The piece is called "Fallstudie" (which in german is both: "case study" and "fall study", a study about falling); It is a 1-person cinema for video and silence. I consider it one of my most unsuccessful pieces, as it is usually completely misunderstood. But since Gabriel used it for the program of the symposium, there seems to be at least one who might understand it.


[Fallstudie / short description]




a small room / a projector / a chair / a movie on the wall / the room is not enough darkened to make a sharp image ...





... the room is only ever entered by a single person at a time / movie is running already





what can be seen is a glass beeing moved across the table - endlessly, as a loop - until you sit down: then the film jumps into the coda-mode ...





... the edge or the table comes into view. The end becomes foreseeable. But exactly in the moment when the glas is falling the projector turns off.

The image is projected directly onto the wall, so that no picture frame, no projection surface is left over when switching off. We (4) have taken great care that also the sound changes in the moment of quitting. The sound is nothing but the fan of the projector. And the fan of projectors usually go longer than until the turn-off of the picture. So we sealed off the real fan in a sound-absorbing box while we played back the sound of a false fan from a small speaker that such could actually end together with the picture.

Of course, everyone thinks, the piece is over when it's over. But the piece is made solely for the moment that follows its turning off. It's about the abrupt change of being thrown from fiction to the present. Before that I find myself in an unreal, and afterwards: alone in a room. I want you to fall out of the picture: into the now.

So that would be one of the most explicit demonstrations of the principle of complementarity, in which the artwork itself, the fabricated or made, is directed exclusively at what it itself is NOT.
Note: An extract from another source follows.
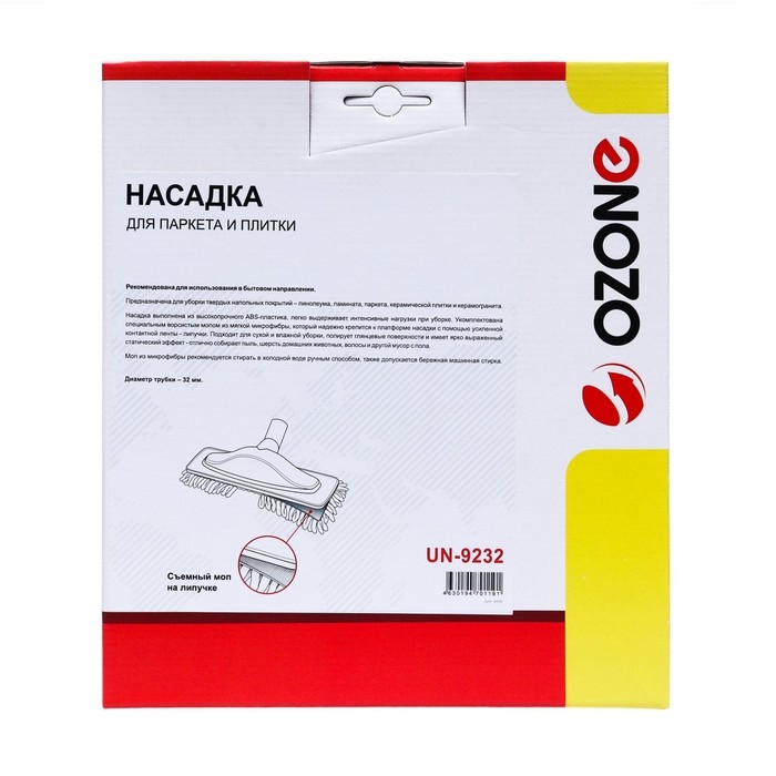 Эта насадка для пылесоса UN-9232 Ozone - ваш идеальный помощник в уборке паркета и плитки. Ее уникальная конструкция с использованием микрофибры позволяет не только тщательно очистить поверхность, но и придать ей великолепный блеск. Насадка легко крепится к трубке диаметром 32 мм и готова к использованию в любой момент. С ней уборка станет быстрее, проще и эффективнее, а результат будет радовать вас своей безупречностью.

If I may dwell for one more moment on the explication of my own working strategies I would like to point also to another aspect that is rarely considered. Namely on that what lies between two pieces.

Despite the practical diversity in my work of heterogeneous materials and settings, it is precisely in this diversity that I want to demonstrate how and that "one and the same" thing can be shown in two different ways.

The successful demonstration then still has a transcendental trait, which shows that "the thing", "the point" is not in the one nor in the other half but beyond both.

The "immanence" of complementarity is precisely the reason for the heterogeneity of the means I use, the reason for my many series. Heterogeneity is even a necessary prerequisite. I show something from one side, then from the other. But this is usually not working within a single piece. The two views are mutually exclusive, just as concert-like and installation-like situations can be mutually exclusive. A single piece is therefore necessarily incomplete. Nevertheless, I have tried again and again to grasp the transformation itself, the the moment of change, the transformation: as a cut - like in the "fall study" - as something that does not exist in time, as something that can be made tangible only through its juxtaposition, as a border.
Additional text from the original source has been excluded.